Na swoim urlopie zaczęłam czytać książkę, której opis na tyle mnie zaintrygował, że przekonał, by zajrzeć do środka. Nabyłam ją w angielskim oryginale. Jej autorem jest Joshua Fields Millburn, a sama książka nosi tytuł “A Day in the Life of a Minimalist“. Książka opowiada o “recepcie na życie” autora, niegdyś wysoko postawionego dyrektora w amerykańskiej korporacji. Obecnie para się pisaniem literatury, poradników, a także bloga o minimalizmie. Joshua przez 10 lat pracował w wielkiej firmie. Był modelowym przykładem dobrze usytuowanego konsumenta: im więcej zarabiał, tym więcej wydawał.
Ewolucja z konsumpcjonizmu w minimalizm
Proporcjonalnie do wzrostu jego pensji rosła także jego kwota zadłużenia. Kupował wszelkie dobra, bo sama czynność dokonywania zakupu była dla niego oznaką statusu społecznego i sposobem na utwierdzanie się w przekonaniu, że jego życie coś znaczy.
Dziennie pracował stanowczo za długo, za niewyobrażalnie duże pieniądze. Mieszkał w za dużym, pustym domu, jeżdżąc co i rusz nowym samochodem, kupując gadżety, z których nigdy nie korzystał. I wcale nie czuł się przez to szczęśliwy.
Aż przyszedł dzień, gdy jego chora matka zmarła. Czuł, że nie poświęcił jej wystarczająco wiele czasu. Dodatkowy kubeł zimnej wody został na niego wylany kilka tygodni później: jego żona złożyła dokumenty rozwodowe.
Te dwa wydarzenia były wielkim przełomem. Postanowił, że musi zmienić swoje życie, by więcej nie czuć się wewnętrznie pustym i niepotrzebnym. Rewolucyjnie zmienił swoje podejście do rzeczy materialnych.
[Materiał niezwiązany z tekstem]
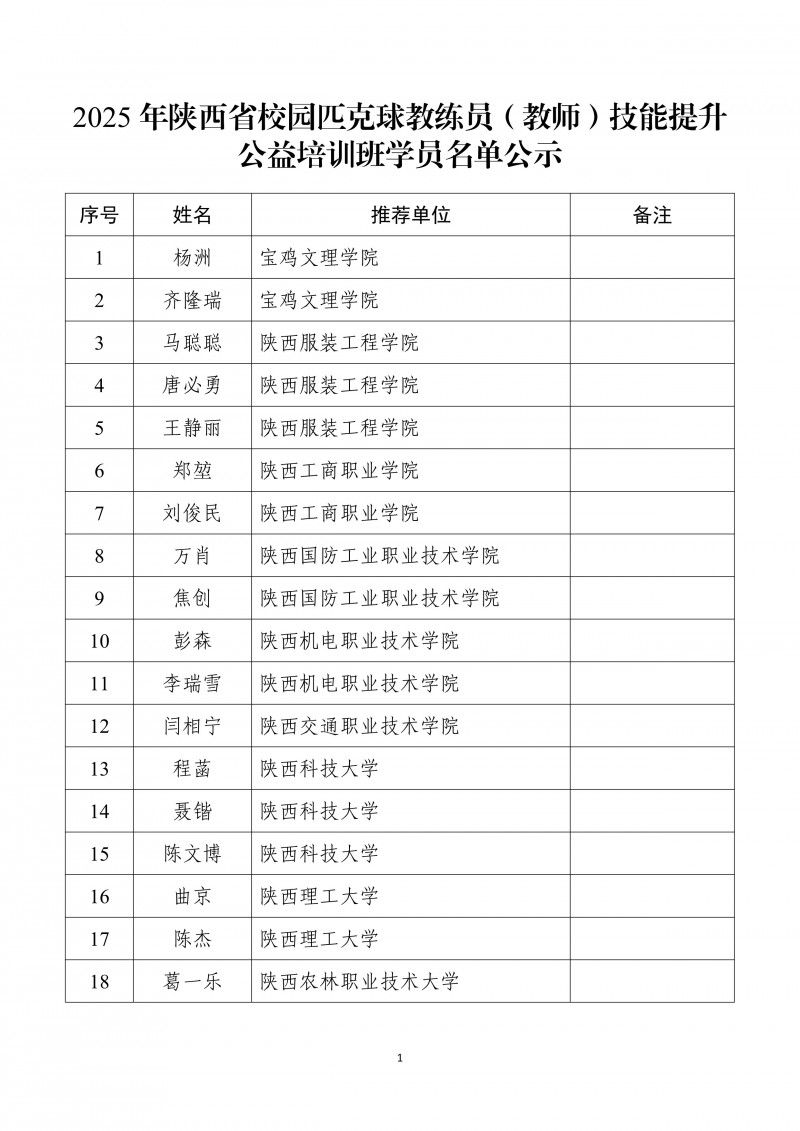 2025年陕西省校园匹克球教练员(教师)技能提升公益培训班学员名单公示

Nie niosły już one dla niego takiej wartości, co wcześniej.
Pozbył się zagracających mieszkanie gadżetów. Ba, w dalszej perspektywie pozbył się swojego przesadnie wielkiego domu, samochodów, odciął się do telewizji i internetu.
Zamieszkał w kawalerce. Z internetu korzystał w kafejkach kilka razy w tygodniu, na krótko. Więcej uwagi poświęcił własnemu zdrowiu, formie. I przede wszystkim, zaczął robić to, co zawsze było jego marzeniem – pisać książki, podróżować i pomagać innym.
Założył internetowy kurs z literatury i szlifowania umiejętności pisarskich. Jego życie nabrało sensu, odnalazł swoją pasję.
Dzień z życia minimalisty – recepta na szczęście
Na prowadzonym wraz z przyjacielem blogu theminimalists.com przedstawia wypróbowane sposoby na radzenie sobie z panującym wokół wyścigiem szczurów. Czyli wmawianą nam koniecznością posiadania czegoś, by coś w ogóle znaczyć wśród innych ludzi. Tłumaczy, jak nie dać się zwariować modzie na dobra materialne.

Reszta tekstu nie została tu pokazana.